Things are different if we clustered at the year (time) level. Simply change the `cluster = 'group'`

to `cluster = 'time'`

in method one, and adjust `cluster = df$new_code`

to `cluster = df$Year`

in method three. See below. The `vcovHC`

function from the `sandwich`

package does not allow us to choose which level to cluster the standard errors at.

```
method1_time <- coeftest(reg, vcov = function(x)
plm::vcovHC(x, method = 'arellano', cluster = 'time', type = 'HC3'))
method3_time <- coeftest(reg, vcov = function(x)
clubSandwich::vcovCR(x, type = 'CR2', cluster = df$Year))
comse_time <- bind_cols(method1_time[,2], method2[,2], method3_time[,2]) %>%
rename('plm' = '...1',
'sandwich' = '...2',
'clubsandwich' = '...3') %>% print(.)
```

```
## # A tibble: 4 x 3
## plm sandwich clubsandwich
## <dbl> <dbl> <dbl>
## 1 0.189 0.0721 0.208
## 2 0.00865 0.00360 0.00996
## 3 0.00114 0.000233 0.00124
## 4 0.00000138 0.000000375 0.00000150
```

### Takeaways

In applications where you cluster standard errors at the individual level, all three methods should work just fine.
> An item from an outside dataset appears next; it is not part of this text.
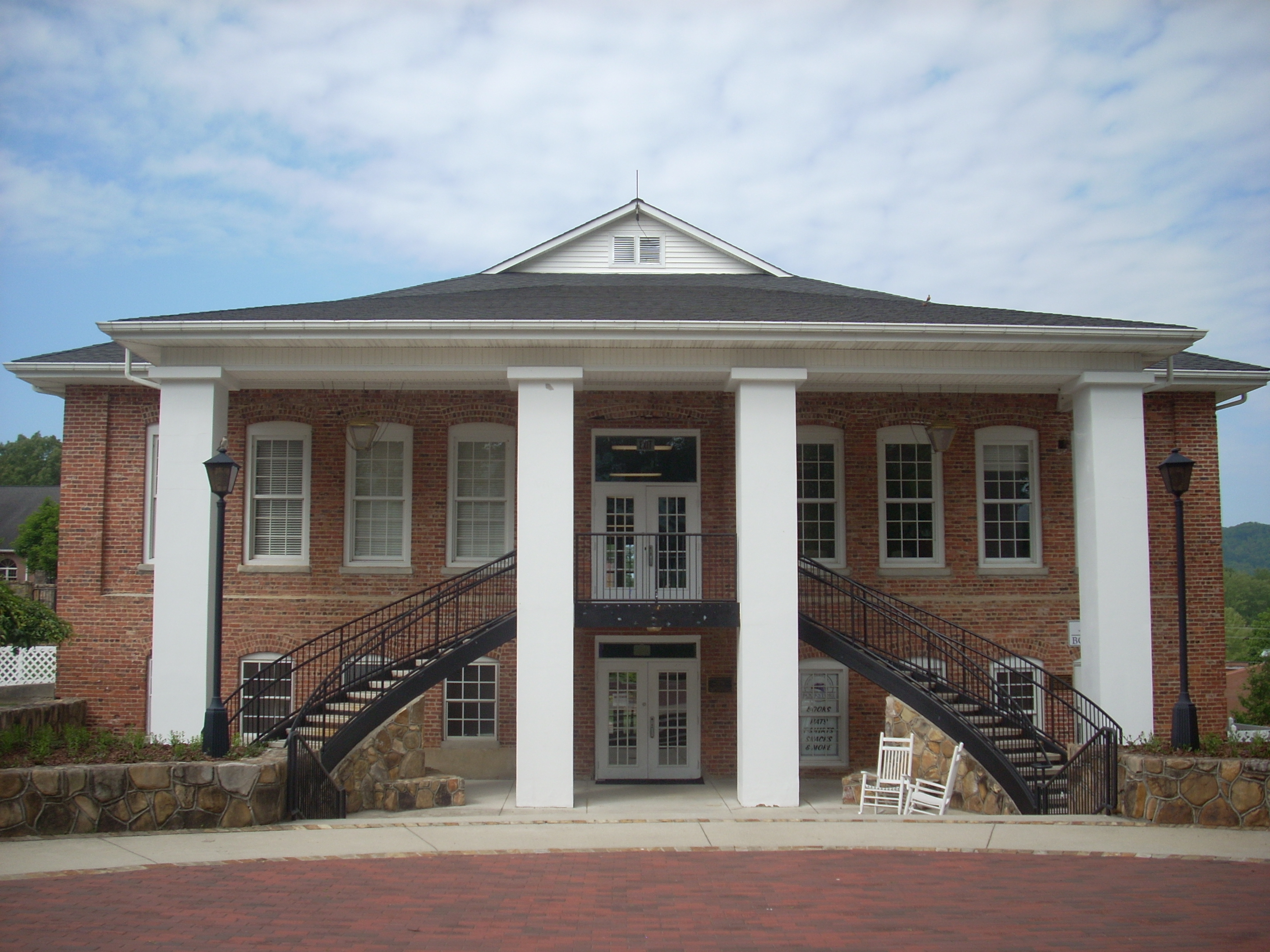 Sharp Hall, Young Harris College, Young Harris (Towns County, Georgia) Built in 1912. Includes: Myers Student Center, YHC Bookstore, Human Resources Office, and Office of the President. This work has been released into the public domain by its author, KudzuVine. This applies worldwide. In some countries this may not be legally possible; if so: KudzuVine grants anyone the right to use this work for any purpose, without any conditions, unless such conditions are required by law.

However, if you want to cluster at the time level (or other alternative levels), you may refer to the embedded `vcovHC`

function in the `plm`

package or the `vcovCR`

function from the `clubSandwich`

package.

Well, actually I would say it’s better to just stick with the `plm`

and/or `clubSandwich`

approaches regardless of what level your standard errors were clustered at. The `sandwich`

package is sort of particularly designed for clustering in `lm`

or `glm`

regressions.

### Reference

Jeffrey M Wooldridge, 2010. “Econometric Analysis of Cross Section and Panel Data,” MIT Press Books, The MIT Press, edition 2.